Exercise goal =
Output nothing but the lines from the one holding "Pendiente de nácar" to the end of the listing. Reproduce them exactly, without the pictures.

Entries shown =
· · · · · · ·
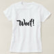 White, with cute black text....Woof! Perfect for a night out on the town or afternoon at the park. The text style, size, and/or colour can be changed, using the edit menu. Several colours and sizes available.
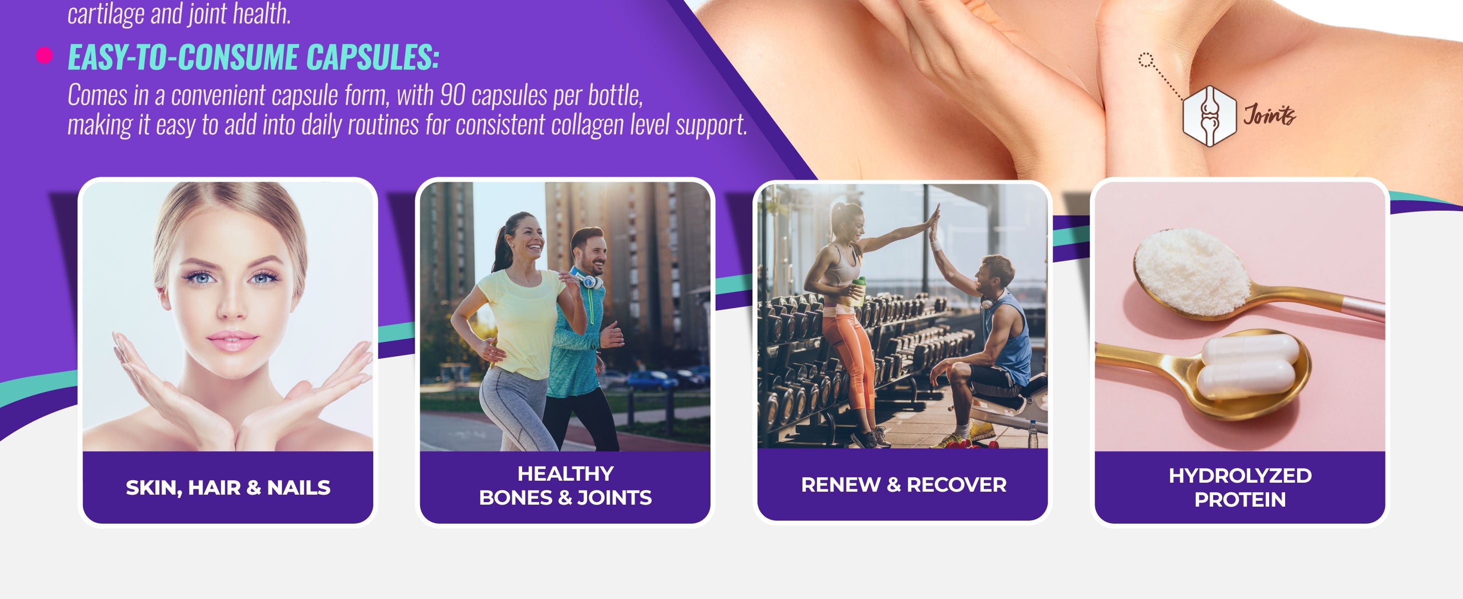 It’s intended to help compensate for the age-related decline in collagen production (which starts around age 30) and support things like skin tone and firmness, joint mobility, connective-tissue strength (ligaments/tendons/cartilage), bone strength, muscle recovery, and even hair/nail health.Note: As with all dietary supplements, the features described are “support” oriented and the product is not intended to diagnose, treat, cure or prevent any disease.
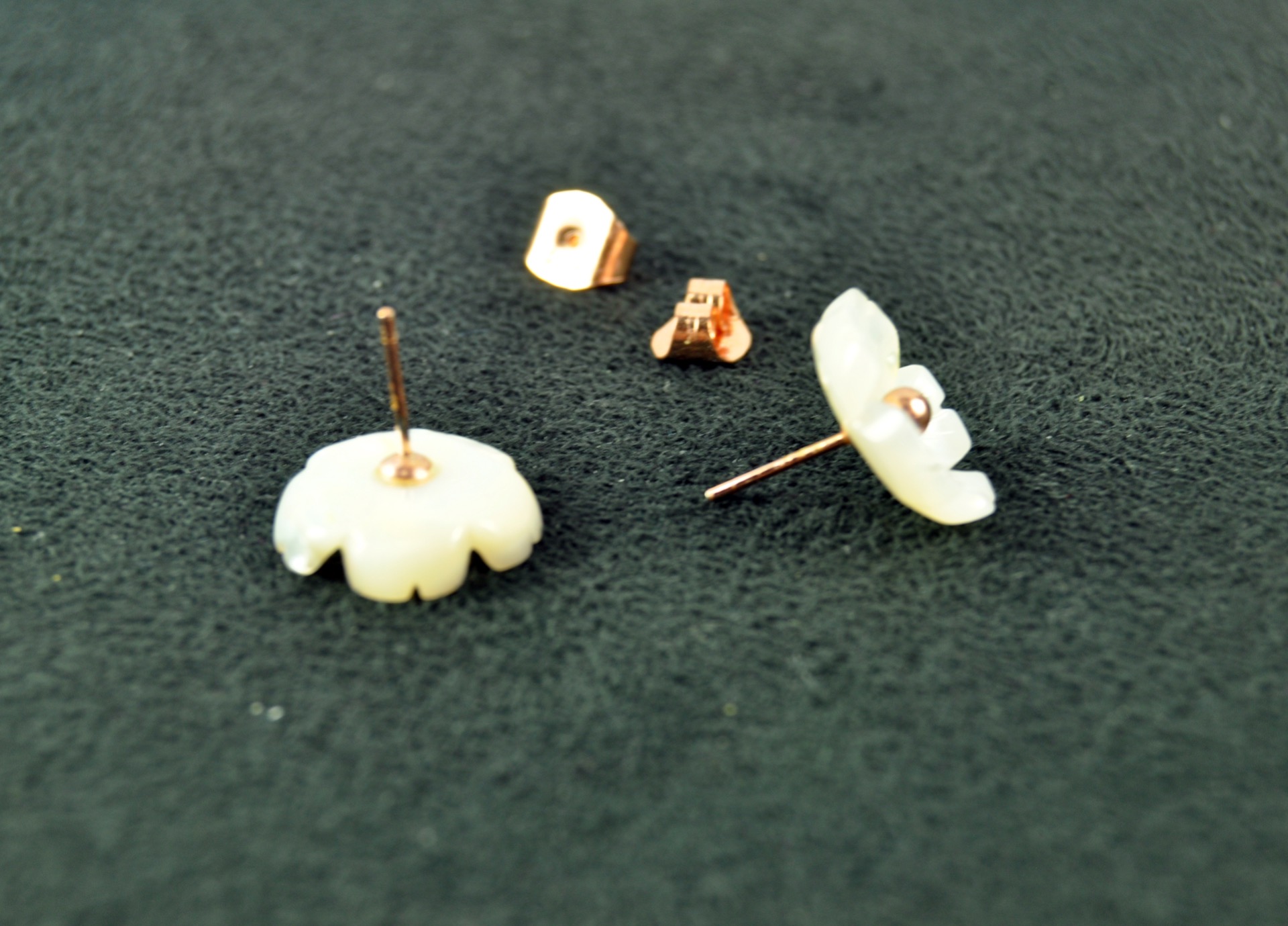 Pendiente de nácar con forma de flor del nácar engastado en plata de ley con baño de oro y cierre a presión un tamaño de 15 mm
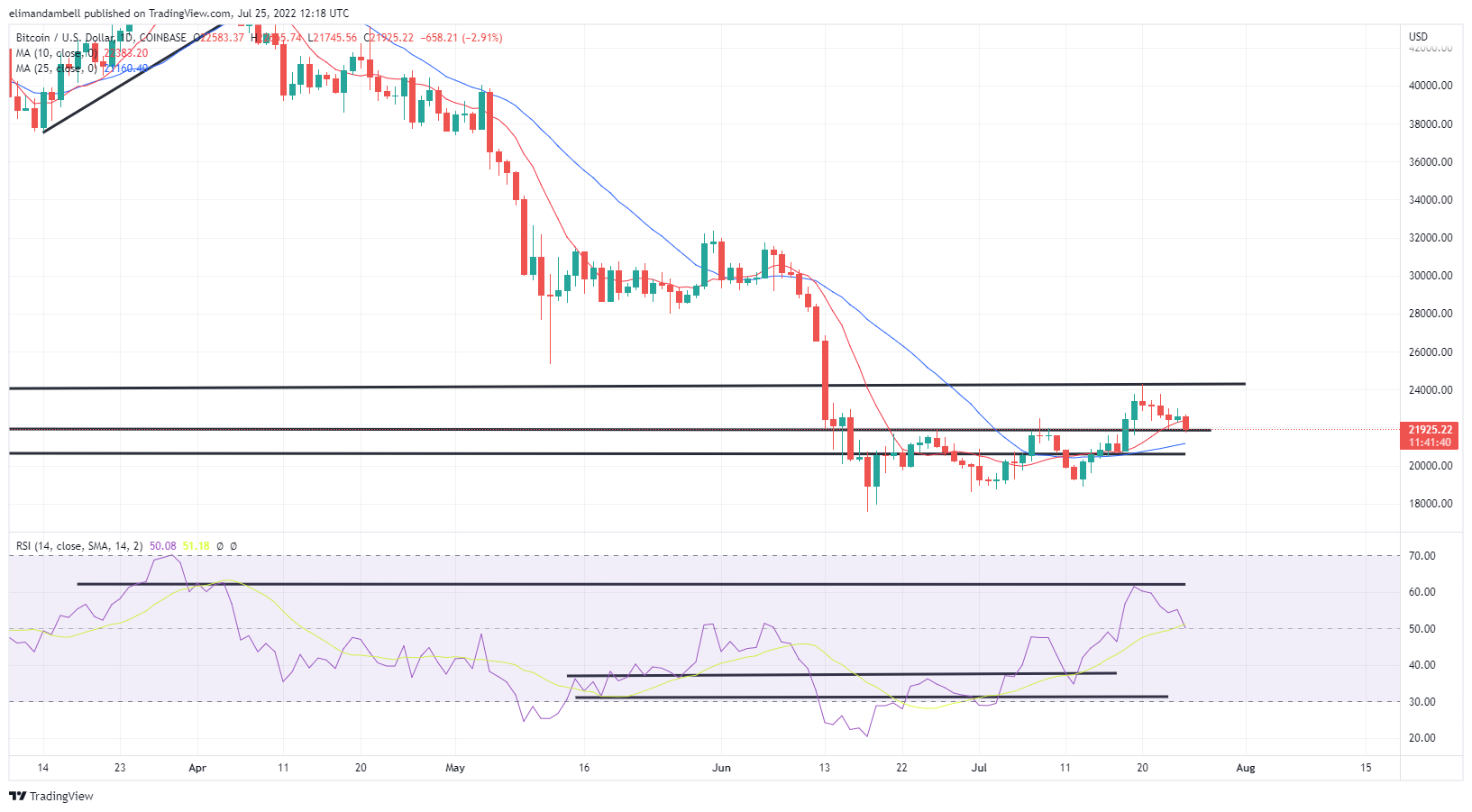 Yesterday saw BTC/USD trade at a high of $22,974.00, however as market turbulence heightened, prices of the token have slipped as a result.
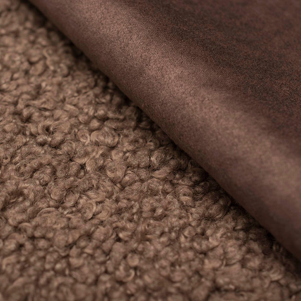 Dzianina płaszczowa Bucle Zamsz to dwustronny materiał idealny na sezon jesienno-zimowy, który z jednej strony wykończony jest miękkim barankiem, a z drugiej eleganckim zamszem.
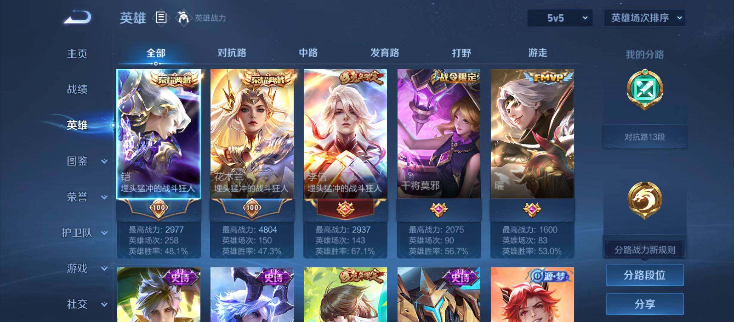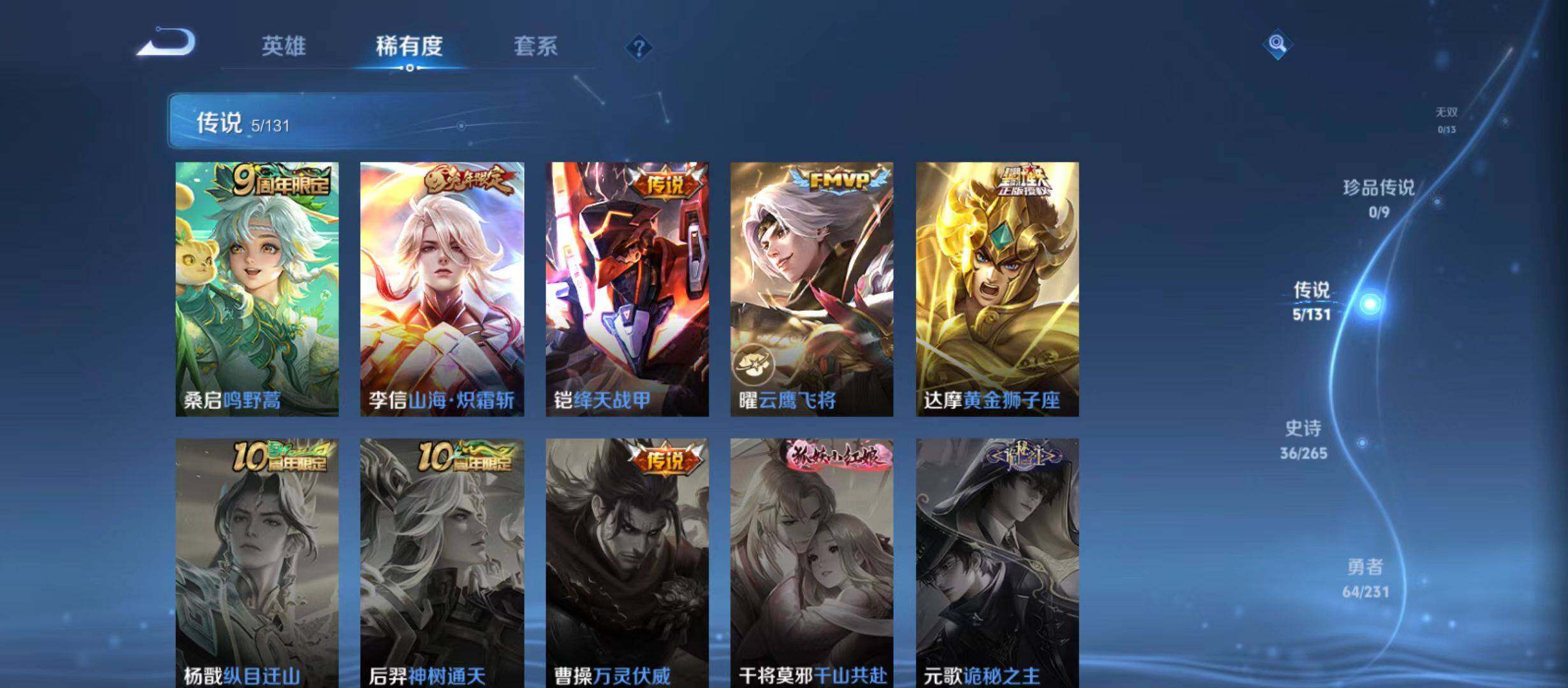 7/137皮肤2典藏5传说 九霄神辉 银白咏叹调 至尊宝 山海炽霜斩 绛天战甲 云鹰飞将 黄金狮子座 鸣野蒿 山海玄木吟 蔷薇恋人
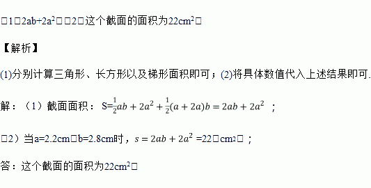 (2)当a=2.2cm,b=2.8cm时,求这个截面的面积.
· · · · · · ·
Exercise solution =
 Pendiente de nácar con forma de flor del nácar engastado en plata de ley con baño de oro y cierre a presión un tamaño de 15 mm
 Yesterday saw BTC/USD trade at a high of $22,974.00, however as market turbulence heightened, prices of the token have slipped as a result.
 Dzianina płaszczowa Bucle Zamsz to dwustronny materiał idealny na sezon jesienno-zimowy, który z jednej strony wykończony jest miękkim barankiem, a z drugiej eleganckim zamszem.
 7/137皮肤2典藏5传说 九霄神辉 银白咏叹调 至尊宝 山海炽霜斩 绛天战甲 云鹰飞将 黄金狮子座 鸣野蒿 山海玄木吟 蔷薇恋人
 (2)当a=2.2cm,b=2.8cm时,求这个截面的面积.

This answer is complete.